Kanta (1944) was born around the 1940's at a place called Kapi Piti Kutjara. Kanta, a senior Spinifex woman is knowledgeable about many areas in Spinifex country including the Minyma Tjuta (Seven Sisters) Tjukurpa, a central theme in the lives of Western Desert women. In this story seven women, all sisters are travelling through the country on a vast journey which takes them from Coolgardie right across the desert to Port Augusta in SA. Along the way the sisters are being pursued by Wati Nyiru, the cheeky old man in pursuit of a wife, preferably the oldest sister, Kampukurtja. During his pursuit, Nyiru disguises himself in various ways to trick the sisters but is eventually outsmarted by them. The women fly up into the sky to form the constellation of Pleiades seen in the southern sky.

Kanta was born circa 1944 in the gentle sand plain country of southern Spinifex between the Tjuntun and Unpun rock holes. The ubiquitous men’s tjukurpa, Wati Kutjara (Two Men) courses through the middle of Kanta's country on its way east to S.A. where it acts as the lynch pin for two other men’s tjukurpa heading to a common destination at Kaliwani (Lake Maurice).

Kanta went into Cundeelee Mission in the late 1950s sweep a young married woman without children. Kanta had one son and three daughters by her first husband (dec.) in Cundeelee and returned to Spinifex in the first wave of resettlers in 1984. Apart from attending the odd exhibition or women’s trip to the outside Kanta has not left the desert lands since. Several years after the Rictor family came in from northern Spinifex she married one of the sons, Ian - her kuri pikitja, often translated as “promised one”. As if forged by the early years in her country Kanta is gentle soul and has assiduously painted with the Spinifex Art Project since representing her country in the women’s native title painting in 1997. Kathleen has painted on most of the women’s collaboratives.

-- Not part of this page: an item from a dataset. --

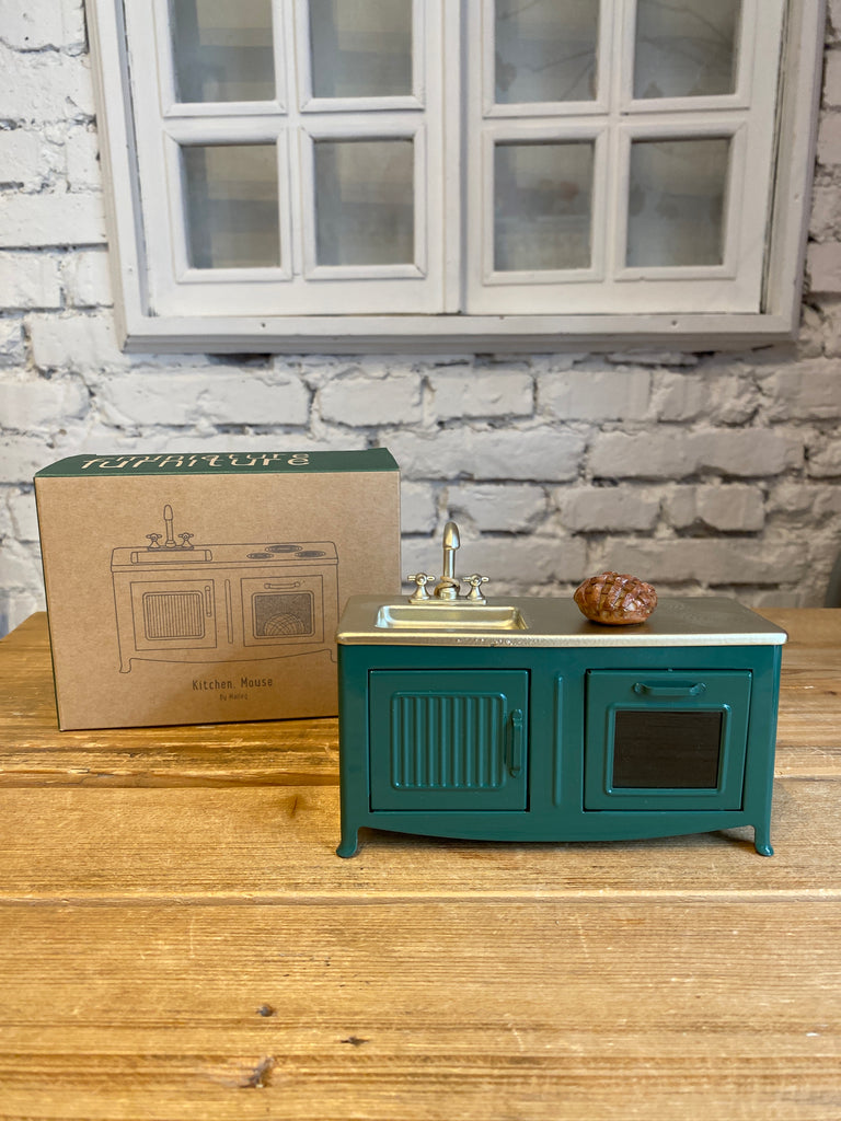 Kovová kuchynka prepracovaná do detailu v nádhernom dizajne, v ktorej Maileg kamoši pripravia tie najlepšie dobrotky. CHlebík je súčasťou balenia, myška nie. :)
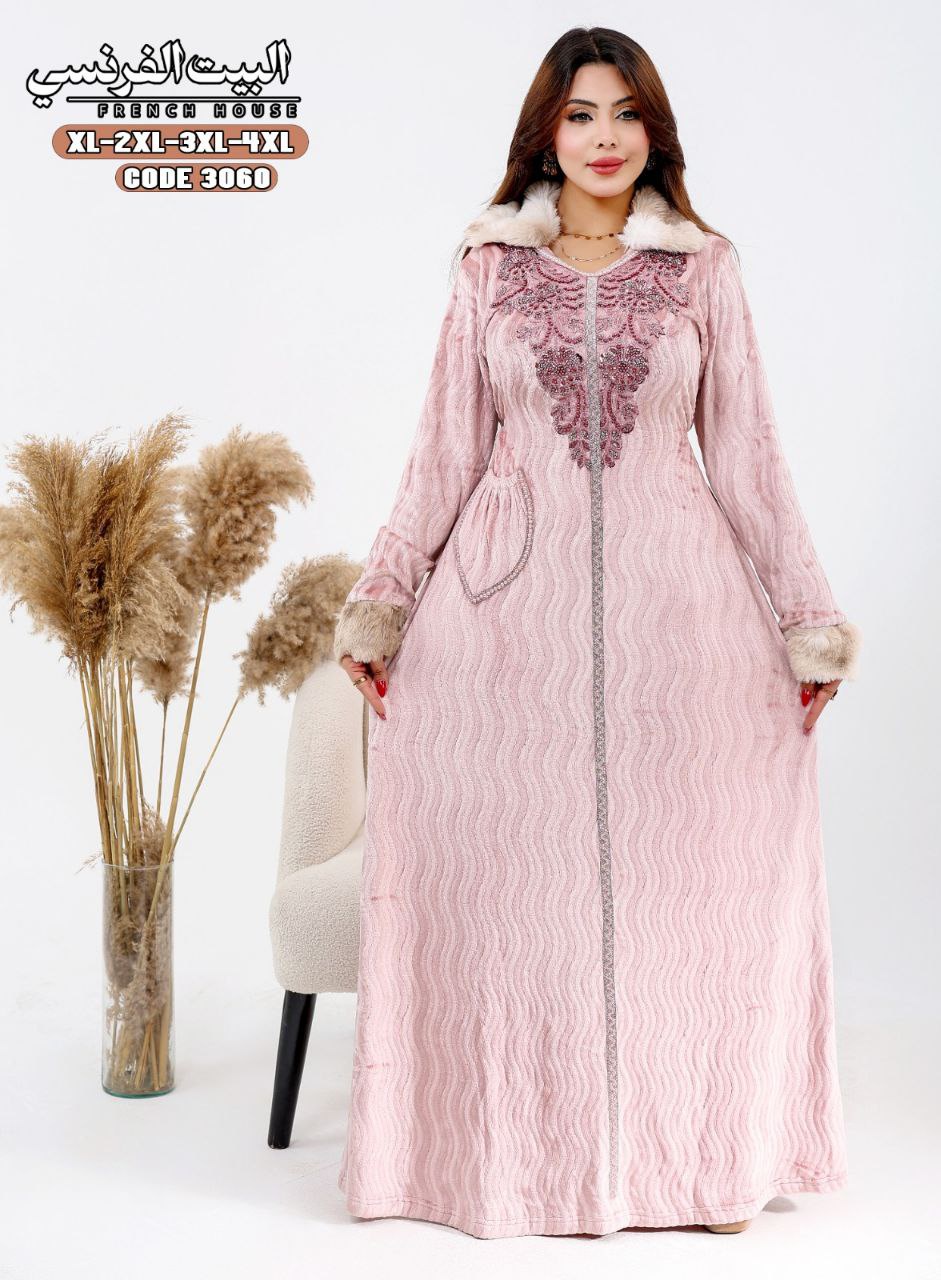هل تبحث عن قطعة مميزة تضيف لمسة من الأناقة إلى خزانة ملابسك؟ عباية القطيفة الشتوي بلون بينك هادي هي الخيار المثالي لك! تتميز هذه العباية بنقشة مموّجة أنيقة وتطريز صدري فخم مع خط فضي طولي، مما يجعلها تناسب جميع المناسبات والخروجات.

Her artworks are in the following prestigious collections :

Collection Prince Stefan Of Liechtenstein, Embassy Of Liechtenstein In Germany.(Womens Collaborate)
Museum Of Western Australia
The Corrigan Collection, Australia. (Womens Collaborative)
The Lepley Collection, Perth, Western Australia. (Womens Collaborative)
The National Gallery Of Victoria, Melbourne, Vic. (Womens Collaborative)
The Sims Dickson Collection, Nsw (Collaborative With Ngalpingka Simms)
Artbank, Australian Government Collection. Australia.
Parliament House Art Collection, Canberra, Act (Womens Collaborative)
Art Gallery Of South Australia, Adelaide, South Australia (Womens Collaborative)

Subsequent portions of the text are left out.